Beginning at the line that contains "2018年葡萄酒進口排名前五", reproduce the entries below exactly, ending with the line that contains "2020年5月21日,经支部". Omit each picture.

• [DATASET CONTENT]:
%%

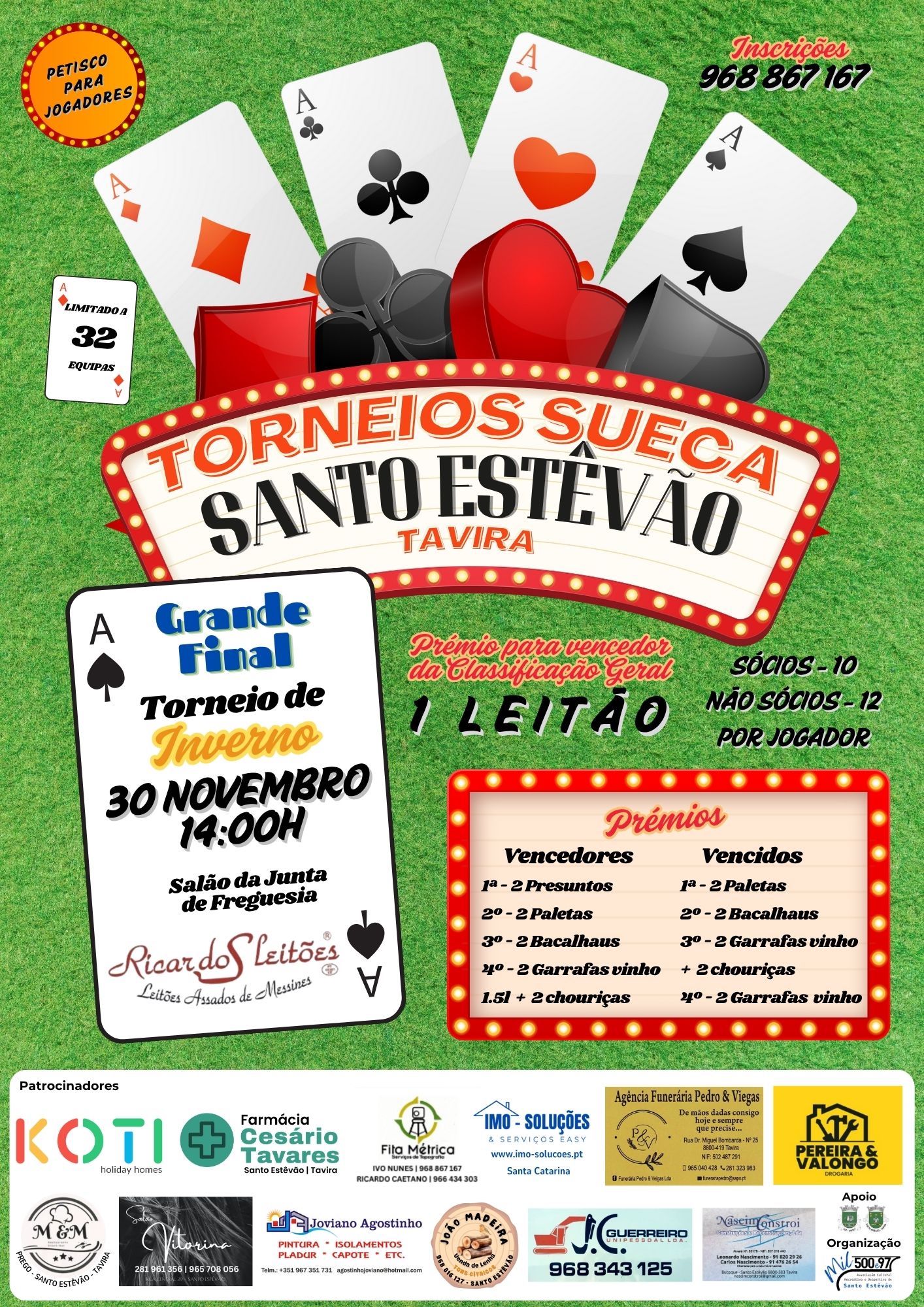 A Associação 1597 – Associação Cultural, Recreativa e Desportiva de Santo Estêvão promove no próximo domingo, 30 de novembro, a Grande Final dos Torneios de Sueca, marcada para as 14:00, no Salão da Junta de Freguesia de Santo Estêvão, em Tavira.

%%
%%

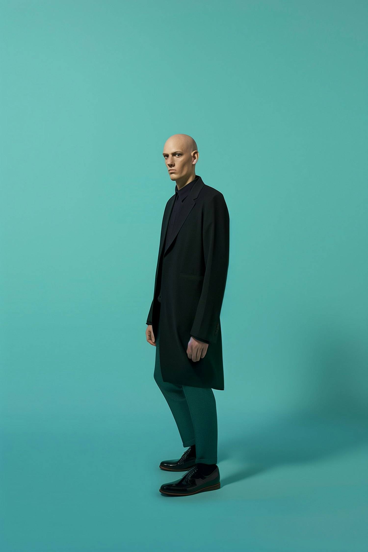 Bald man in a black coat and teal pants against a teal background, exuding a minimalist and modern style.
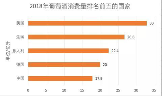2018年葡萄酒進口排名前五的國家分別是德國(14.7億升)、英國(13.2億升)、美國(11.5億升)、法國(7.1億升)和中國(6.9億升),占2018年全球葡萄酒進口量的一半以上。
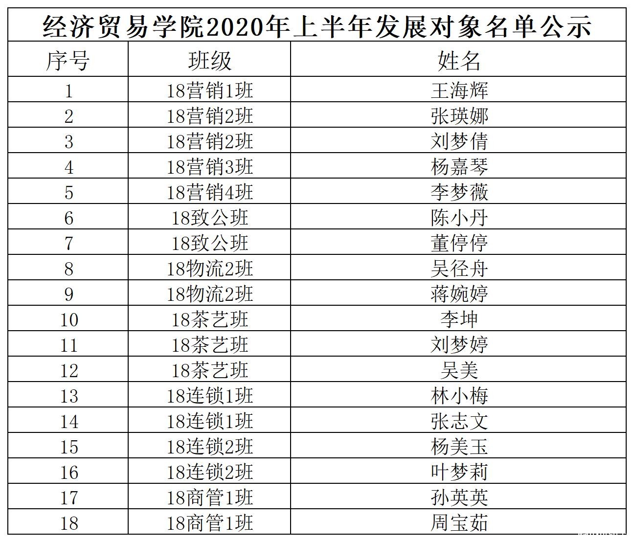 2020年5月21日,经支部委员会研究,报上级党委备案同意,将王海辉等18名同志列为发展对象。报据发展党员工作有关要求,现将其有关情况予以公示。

%%
%%

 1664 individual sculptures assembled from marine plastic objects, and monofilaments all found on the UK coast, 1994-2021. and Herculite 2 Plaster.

%%

• [EXPECTED ANSWER]:
2018年葡萄酒進口排名前五的國家分別是德國(14.7億升)、英國(13.2億升)、美國(11.5億升)、法國(7.1億升)和中國(6.9億升),占2018年全球葡萄酒進口量的一半以上。
 2020年5月21日,经支部委员会研究,报上级党委备案同意,将王海辉等18名同志列为发展对象。报据发展党员工作有关要求,现将其有关情况予以公示。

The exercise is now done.